Но вечно это не продлилось. Однажды Фонтранжу пришлось уехать; он вернулся в Париж неделю спустя, ночным поездом, прибывшим как раз на рассвете, но, увы, та метаморфоза, которой он достигал во фраке и накидке, теперь, в дорожном костюме, ему не удалась. Комната Эглантины была заперта на ключ. Он в полной растерянности улегся спать, встал после полудня и торопливо, не глядя по сторонам, прошел по коридорам, боясь встретить Эглантину, проснувшуюся навсегда. Ужинал он рано, в своем баре, но и бар сделался неузнаваем, ибо хозяин, официанты, завсегдатаи, все они были приверженцами дня, а не ночи. Вот и женщины теперь смело подходили к его столику.
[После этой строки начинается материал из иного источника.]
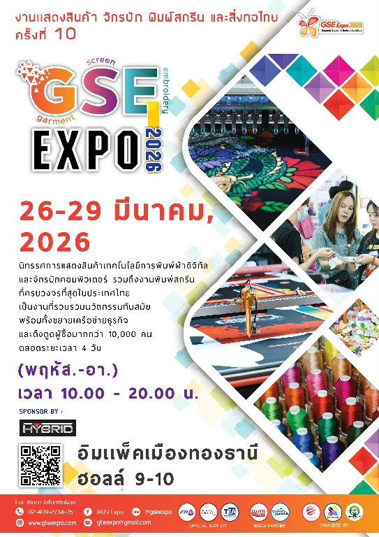 2. งานแสดงสินค้าเทคโนโลยี จักรปัก พิมพ์สกรีน และสิ่งทอไทย ครั้งที่ 10 ( The 10th Garment Screen & Embroidery 2026 ) เป็นการรวมตัวของผู้ประกอบการไทย กลุ่มเครื่องจักร ที่ใช้ในอุตสาหกรรมเสื้อผ้าสิ่งทอ อาทิเช่น เครื่องพิมพ์บนผ้า กลุ่มจักรปัก กลุ่มจักรเย็บผ้า กลุ่มจักรเย็บเครื่องหนัง กลุ่มงาน ทรานเฟอร์ และวัสดุ อุปกรณ์ที่ใช้ในวงการอุตสาหกรรมงานผ้าและสิ่งทอมารวมตัวกัน อีกทั้ง ผู้ประกอบการด้านธุรกิจเสื้อผ้า สิ่งทอ จากองค์กรต่างๆที่เข้าร่วมงานในครั้งนี้ เพื่อนามาประยุกต์ และปรับใช้ในการทางานของแต่ละองค์กร เพื่อเป็นการลดต้นทุน และค่าใช้จ่ายในการผลิตบริหารภายในองค์กร พร้อมพัฒนาผลิตภัณฑ์ต่อยอด สร้างงานอย่างดี มีคุณภาพเทียบเท่าตลาดสากล

Сдержанность Фонтранжа, выглядевшая добродетелью в глазах Александра, показалась дневному бармену обыкновенной порочностью, и он взглядом направил к посетителю женщину в ярко-красном платье. Короче сказать, внешний мир тоже проснулся и ополчился на него. К десяти часам вечера, по возвращении домой, он узнал от дворецкого, что Эглантину в тяжелом состоянии отвезли в клинику Альма. Мадам только что позвонила и сказала, что необходимо переливание крови. Она разыскивает донора, но уже поздно и вдобавок сегодня воскресенье. Доброхоты, в принципе готовые пожертвовать своей кровью, либо уже спят, либо прохлаждаются на природе где-нибудь в окрестностях Марны. Вернее всего, подошел бы некий Монтазо, сделавший из благородного донорского дела почти профессию и уже хорошо знакомый врачам клиники. Но он ушел в музыкальное общество, и никто не может сказать, в какое именно. Сейчас мадам названивает в Центральную справочную филармонических обществ.

Фонтранж, так и не успевший снять накидку, тотчас вышел.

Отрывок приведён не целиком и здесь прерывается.